JuMP - Nested Optimization with user defined functions

Hi!

I have a Nested Optimization problem that I am trying to solve using JuMP. Inside, I have a linear problem with power constraints where I use JuMP + Mosek to solve. Outside, I have a concave problem defined on a set of linear constraints. The inner problem gives me both the value of the function conditional on the variable I am optimizing in the outer problem, and its gradients.

Ipopt seems like the natural optimizer for this problem. However, I have been using NLOpt because I cannot get the user-defined function to work.

This is not a MWE, but I am trying to do something like this:

using Ipopt, JuMP

@everywhere function f1_val(data::Data, x::Vector{Float64}, n::Int)
    Eπ, Eν = 0.0, zeros(data.I)
    for s in 1:data.Sexp
        temp = f2(data, x, s, n)
        Eπ += temp[1]
        Eν .+= temp[2]
    end
    return Eπ / data.Sexp - sum(data.α[:,n]  .*x)
end

@everywhere function f1_grad(data::Data, x::Vector{Float64}, n::Int)
    Eπ, Eν = 0.0, zeros(data.I)
    for s in 1:data.Sexp
        temp = f2(data, x, s, n)
        Eπ += temp[1]
        Eν .+= temp[2]
    end
    return  Eν ./ data.Sexp .- data.α[:,n] 
end

I woiuld like to find the vector x that maximizes f1_val.

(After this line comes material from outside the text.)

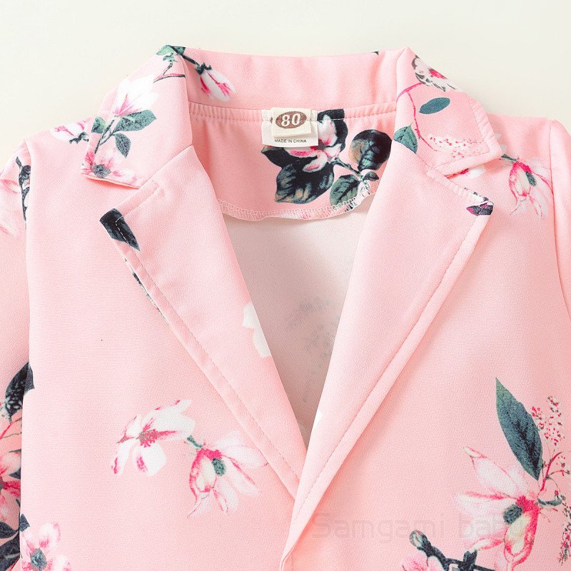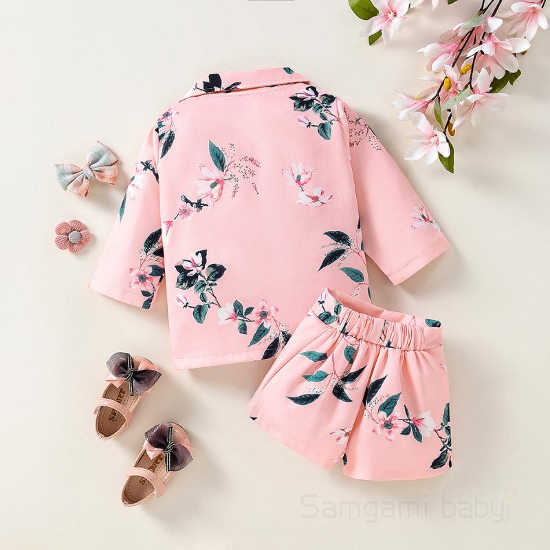Children Kids Baby Fashion Girls Long Sleeve Floral Print Jacket And Shorts 2pcs Set

I don’t fully understand your example because I don’t know what f2 ore the data are, but here’s an example of nested optimization problems via user-defined functions:

using JuMP
import Ipopt

function bilevel_problem()
    last_x, last_f, last_y = nothing, 0.0, [NaN, NaN]
    function _update(x...)
        if last_x == x
            return last_y
        end
        model = Model(Ipopt.Optimizer)
        set_silent(model)
        @variable(model, y[1:2])
        @NLobjective(
            model,
            Max,
            y[1] * x[1]^2 + y[2] * x[2]^2 - x[1] * y[1]^4 - 2 * x[2] * y[2]^4,
        )
        @constraint(model, (y[1] - 10)^2 + (y[2] - 10)^2 <= 25)
        optimize!(model)
        @assert termination_status(model) == LOCALLY_SOLVED
        last_x = x
        last_f = objective_value(model)
        last_y[1] = value(y[1])
        last_y[2] = value(y[2])
        return last_y
    end
    function f(x...)
        _update(x...)
        return last_f
    end
    function ∇f(g, x...)
        _update(x...)
        g[1] = 2 * x[1] * last_y[1] - last_y[1]^4
        g[2] = 2 * x[2] * last_y[2] - 2 * last_y[2]^4
        return
    end
    return _update, f, ∇f
end

function bench_bilevel_nlp()
    model = Model(Ipopt.Optimizer)
    set_optimizer_attribute(model, "tol", 1e-5)
    @variable(model, x[1:2] >= 0)
    subproblem, f, ∇f = bilevel_problem()
    register(model, :bilevel_f, 2, f, ∇f)
    @NLobjective(model, Min, bilevel_f(x[1], x[2]) + x[1]^2 + x[2]^2)
    optimize!(model)
    @assert termination_status(model) == LOCALLY_SOLVED
    println(objective_value(model))
    println("x = ", value.(x))
    println("y = ", subproblem(value.(x)...))
    return
end

Hi Odow,

I wonder how to register an inner JuMP optimization as the nested function and use the user-defined function in constraint or objective of the outer JuMP optimization. The motivation for doing this lies in the feature of general economic models: A hacky guide to using automatic differentiation in nested optimization problems - #6 by jeffreyesun.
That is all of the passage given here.